Thomas Woelfer quickly got that the place in the BCL for generating prime numbers is in Hashtable.cs and Eric Wilson does a good job explaining why…

Specifically, primes are used when the size of a hash table must be increased because of the load has reached a certain level. The size of the hashtable is increased such that the number of buckets in the hashtable increases to the smallest prime number that is larger than twice the current number of Hashtable buckets.


The reason for this is two fold. Using a prime number of buckets reduces the effect of clustering in the hashtable (having multiple keys hash to the same location). The size is at least doubled because by doing that the BCL can insure that over a series of N insert, the total time for all inserts takes no more than O(log(N)) total time

And I really love the reference to Juan Felipe Machado gives: “Knuth’s Art of Computer Programming, Vol. 3, p. 528-9”, clearly a desktop reference favorite.   How long before it is common place to quote the SLAR v1, pp 239-243 😉


In addition, Norman Headlam gives some of the code in question, but the method I was really talking about is this one…

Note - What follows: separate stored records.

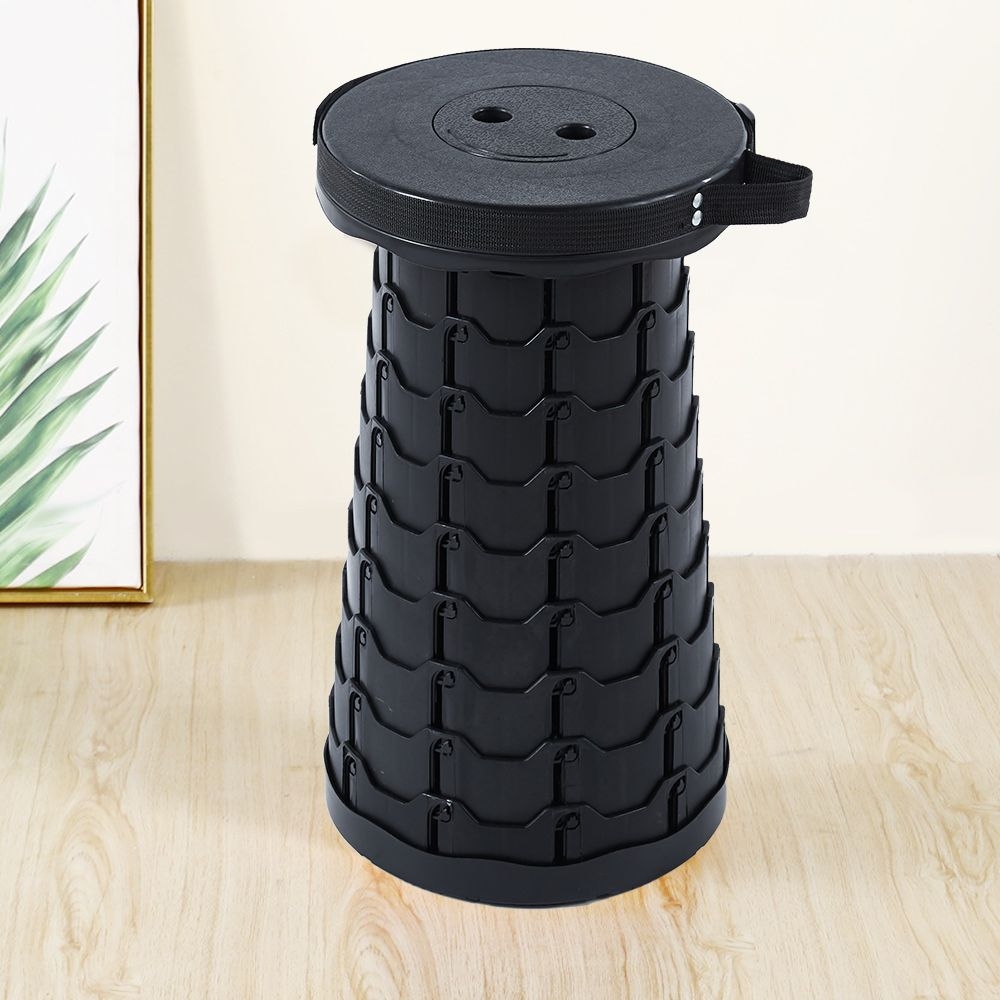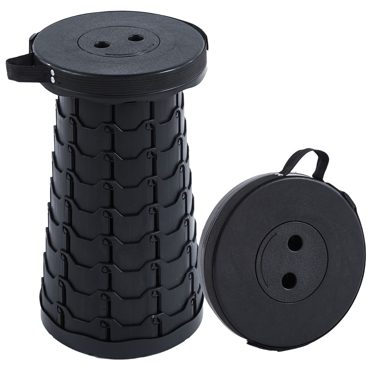 Folding Stool Portable Camping Chair Outdoor Seat Retractable Telescopic – Black
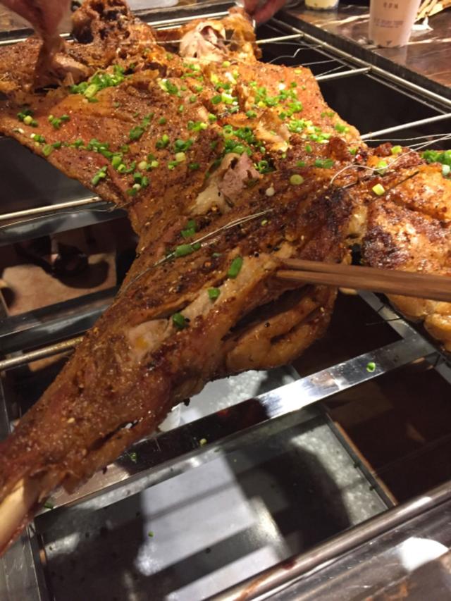 同学聚会10个人,决定吃烤全羊,选了大雁塔这家。 这家烤羊庄选的是两个月左右,大约 7-8公斤的小羊羔,用草原上的古法烤制。
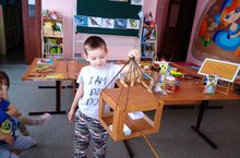 17 января во время НОД дети решили сами сделать кормушки. Взяли втулку от туалетной бумаги, намазали её мёдом, обваляли в смеси из круп,семян подсолнуха, протянули через втулку нить –кормушка готова!...
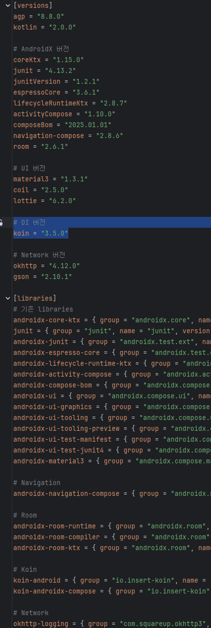 그 다음에, libs.versions.toml에 버전을 명시해줍시다! 저는 가장 최신 버전을 사용해보겠습니다~

00149         private bool Primep (int candidate) {
00150             if ((candidate & 1) != 0) {
00151                 for (int divisor = 3; divisor < (int)Math.Sqrt (candidate); divisor+=2){
00152                     if ((candidate % divisor) == 0)
00153                         return false;
00154                 }
00155                 return true;
00156             }
00157             else {
00158                 return (candidate == 2);
00159             }
00160         }


A few of you pointed out some interesting issues, but not what I was looking for… the problem is in the code above and it results in some numbers being return as prime that are not really prime…The bug can be found for “normal” input ranges such as [1-100].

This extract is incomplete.